§ **Your task**: Reproduce the entire listing exactly as written, apart from its pictures.

§ **Information shown**:
*** Block opens ***

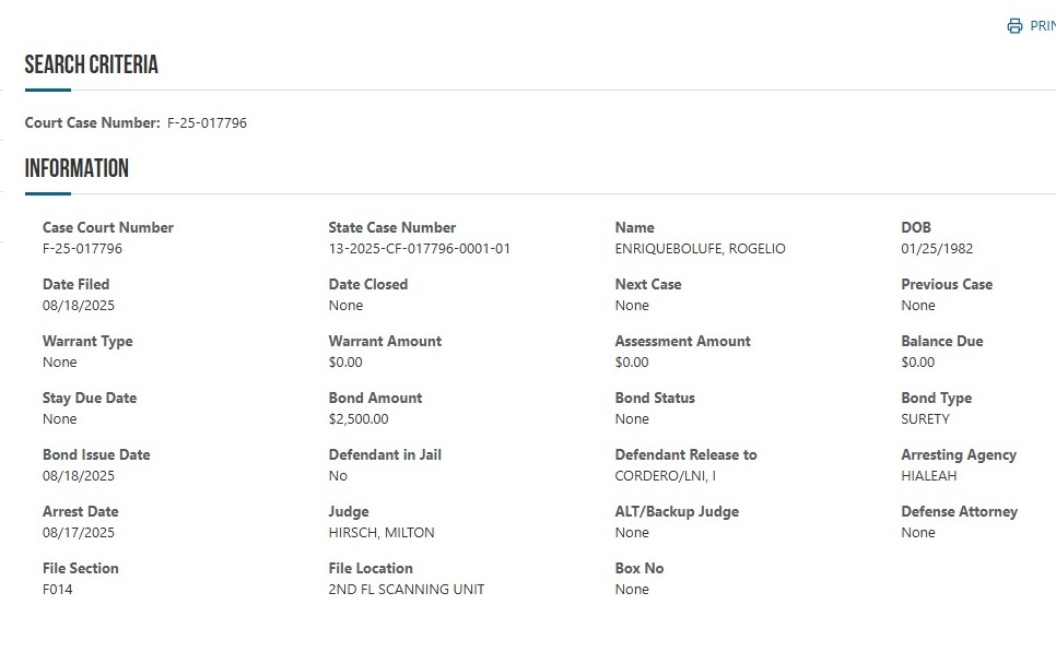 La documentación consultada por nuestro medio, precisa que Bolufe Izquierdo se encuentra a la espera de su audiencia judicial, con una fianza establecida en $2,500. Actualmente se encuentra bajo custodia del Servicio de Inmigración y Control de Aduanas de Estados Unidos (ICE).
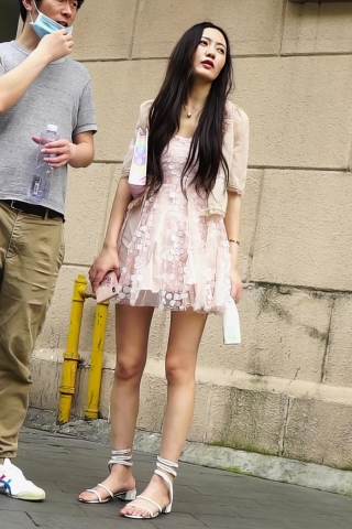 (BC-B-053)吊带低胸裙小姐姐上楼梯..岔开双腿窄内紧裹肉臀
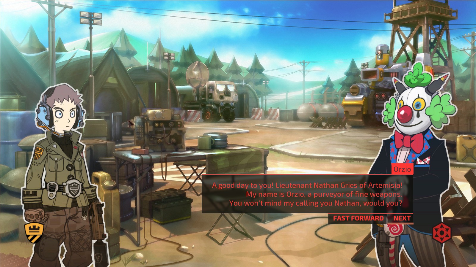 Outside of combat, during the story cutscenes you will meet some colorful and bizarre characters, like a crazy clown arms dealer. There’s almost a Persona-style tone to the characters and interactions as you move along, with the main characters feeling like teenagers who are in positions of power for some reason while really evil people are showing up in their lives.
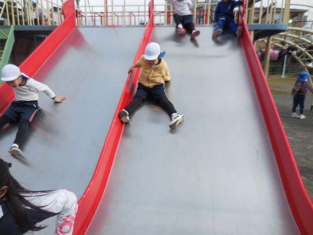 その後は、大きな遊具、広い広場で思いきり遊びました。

*** Block closes ***

§ **Response for this exercise**:
 La documentación consultada por nuestro medio, precisa que Bolufe Izquierdo se encuentra a la espera de su audiencia judicial, con una fianza establecida en $2,500. Actualmente se encuentra bajo custodia del Servicio de Inmigración y Control de Aduanas de Estados Unidos (ICE).
 (BC-B-053)吊带低胸裙小姐姐上楼梯..岔开双腿窄内紧裹肉臀
 Outside of combat, during the story cutscenes you will meet some colorful and bizarre characters, like a crazy clown arms dealer. There’s almost a Persona-style tone to the characters and interactions as you move along, with the main characters feeling like teenagers who are in positions of power for some reason while really evil people are showing up in their lives.
 その後は、大きな遊具、広い広場で思いきり遊びました。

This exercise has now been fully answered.